A proposta alterava esse instrumento de inclusão nas
escolas públicas para privilegiar a inserção de alunos com deficiência em
escolas especiais, mas a imediata reação da academia, movimentos e
entidades que defendem a educação inclusiva fez com que à época o MEC recuasse
da decisão.
Verniz democrático
Agora, no entanto, o governo Bolsonaro faz levantar
novamente a preocupação entre os representantes que defendem a inclusão nas
escolas, uma vez que o projeto de Temer não escapa da linha de “desmonte da
educação” que tem o governo, alerta a pesquisadora Meire Cavalcante, da
Faculdade de Educação e do Laboratório de Estudos e Pesquisas em Ensino e
Diferença (Leped) da Universidade Estadual de Campinas (Unicamp).
“A Secadi foi extinta por esse governo, no começo do
ano passado, assim que Bolsonaro tomou posse, só que a equipe que estava
no governo Temer foi mantida para dar continuidade ao projeto de desmonte da
educação inclusiva”, explica a pesquisadora em entrevista aos jornalistas
Marilu Cabañas e Glauco Faria na Rádio Brasil Atual.
As investidas contra a PNEEPEI começaram em abril de
2018, quando o governo Temer, por meio da Secadi, convocou uma reunião para
anunciar a proposta de reformar as diretrizes da política nacional de inclusão,
sob o principal argumento de que era preciso “atualizá-la” – mesmo sendo ela um
instrumento reconhecido como inovadora pela Organização das Nações Unidas
(ONU), por exemplo.
No cerne da reforma, o governo propunha a retirada
da “perspectiva da educação inclusiva” já no nome da política nacional, uma
tentativa, de acordo com Meire, de retomar classes e escolas especiais. “O
governo Michel Temer era um governo ilegítimo, não foi eleito, e se configurou
como um governo às sombras, que tentou fazer mudanças em uma política importante
para o país fingindo um verniz de democracia, e esse governo (Bolsonaro) que,
apesar de ter sido eleito, tem um caráter absolutamente autoritário, está
mantendo a linha”, adverte.
Não à toa, destaca a pesquisadora, foram selecionadas apenas algumas entidades para participar de uma reunião convocada pelo MEC em 2018 para debater a questão. “(Participaram) várias entidades que se beneficiam da segregação de seres humanos e defendem escolas e classes especiais porque acreditam nesse modelo que tem a deficiência como algo relacionado à incapacidade e também porque se beneficiam política e economicamente da segregação”, revela.
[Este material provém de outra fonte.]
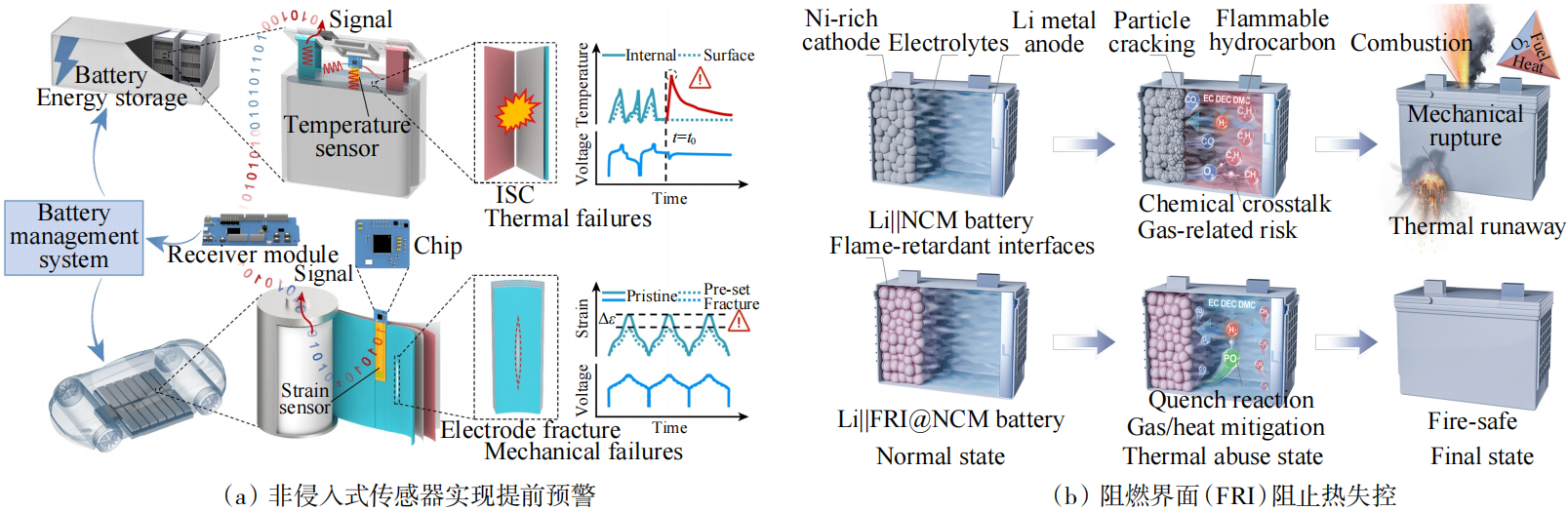 捕获电池内部信号实现早期故障诊断和智能预警,能提前发现电池热失控风险,将其遏制在萌芽阶段。Fan等开发了一种小型化、低功耗的非侵入性传感系统,能够精确传感和无线传输锂电池内部的温度和应变信号,可用于快速识别早期热故障和机械故障,提前预警并进行故障定位(图7(a))。

De acordo com a pesquisadora, a suposta
“atualização” gira em torno, na verdade, do financiamento público,
principalmente os recursos alocados pelo Fundo de Manutenção e
Desenvolvimento da Educação Básica (Fundeb). Desde 2008, quando a PNEEPEI foi
implementada e as escolas públicas passaram a incluir os alunos com
deficiências nas salas de aula, além de receber a verba regular e
constitucional do Fundeb, o governo também investe recursos do fundo para
garantir o chamado Atendimento Educacional Especializado (AEE), com
profissionais capacitados no atendimento à pessoa com deficiência, mas no
sentido de complementação do papel da escola comum a todos.
“E essas entidades que defendem a segregação de
seres humanos em classes e escolas especiais querem receber essa dupla
matrícula, mas ela é um motor para inclusão, não para segregação, então elas
querem receber como escola e como atendimento educacional especializado”,
ressalta Meire, acrescentando que essa verba também atrai o interesse
de prefeituras e políticos que a utilizam para também segregar e
manter nichos eleitorais. “Esse discurso que coloca a pessoa com deficiência
como incapaz ou ‘pobrezinha’ é justamente o que nós queremos extinguir”,
critica.
Eliminar barreiras faz a deficiência deixar de ser
fator de exclusão
A atual PNEEPEI, que vem garantindo a inclusão de
alunos com deficiência nas escolas brasileiras, traz uma mudança no
entendimento sobre a deficiência estabelecido décadas atrás. A pesquisadora do
Leped da Unicamp destaca a transição do modelo médico para o modelo social
atual.
Na década de 70, por exemplo, a deficiência era
entendida por uma lógica de curas e tratamentos, e foi a luta do próprio
movimento das pessoas com deficiência, ao longo desse processo, que conseguiu
realizar a transição para o chamado modelo social.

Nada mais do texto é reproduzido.